The prototype of a new device designed to help fight rural crime is now being tested in one Saskatchewan rural municipality.

But it’s also for sale from the developer.

BeeSecure is a tracking device and app designed by Jeff Shirley of Rivercity Technology Services in Saskatoon through the government’s innovation challenge.

The government announced late last year that Shirley and William Topping of Brand X Technologies would work on a joint venture partnership to develop the system.

BeeSecure, fine-tuned with the ministry of corrections and policing, is now being tested in the RM of Mayfield in the Maymont area.

Shirley has a bee and honey operation, hence the name, and originally wanted to develop a tracker to prevent hive theft.

The asset tracker can be placed in a vehicle, farm equipment or on other property and will work with as little as one bar of cell phone strength, according to the developers.

It doesn’t have a BeeSecure logo on it, and can be disguised to look like other things such as tools or water bottles.

The tracker requires a subscription to the app to work and costs are based on how many trackers are in use. If belongings go missing, property owners can track them by logging into the app and seeing the GPS co-ordinates, and then contact police.

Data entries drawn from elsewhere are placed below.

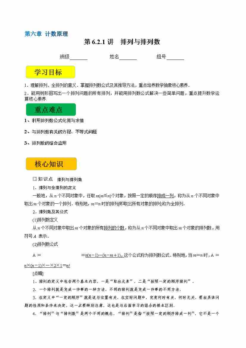 第6.2.1讲 排列与排列数(学生版)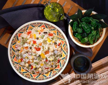 米饭的37种花样吃法、在锅中放少许橄榄油,将毛豆仁、玉米粒、青红椒粒、葱白粒和胡萝卜粒翻炒米饭的37种花样吃法分钟,盛起备用(用橄榄油炒出的米饭比较不会油腻,而且健康);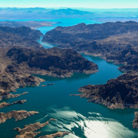 Lake Mead, the nation’s largest reservoir, is a key piece of storage infrastructure for Los Angeles, Phoenix, and agricultural areas in both the U.S. and Mexico. (Photo: Ross Rice, The Water Desk with support from LightHawk)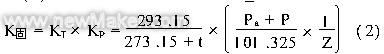 當(dāng)無溫度、壓力自動(dòng)補(bǔ)償裝置和壓力記錄儀時(shí),并在使用壓力波動(dòng)不大時(shí),可根據(jù)各地區(qū)大氣壓不同(北京為101.32kPa,重慶為98.32kPa,上海為101.61kPa,拉薩為65.18kPa)和溫度不同制定出當(dāng)?shù)剡m用的固定人工修正系數(shù)K固參考表。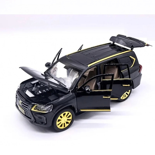 ماکت ماشین Lexus LX570 XLG با ترکیب طراحی دقیق، کیفیت رنگی قابلتحسین، بدنهی فلزی مقاوم و ویژگیهای موزیکال و نورانی، نمونهای جذاب از مدلهای Die‑Cast در مقیاس ۱:۲۴ به شمار میرود.

Tina Beaudry-Mellor, the provincial minister responsible for innovation, said the government knew someone in rural Saskatchewan would be able to develop a technological solution to offer rural residents more security.

The innovation challenge is an initiative designed to engage the technology sector in finding solutions for challenges and the rural crime program was the first.

Shirley said he was happy with the platform that the innovation challenge provided.

“Through the partnership with the ministry of corrections and policing, and with feedback from our law enforcement and rural municipality partners, we have helped create a solution that will contribute positively to tackling this issue in Saskatchewan,” he said in a news release.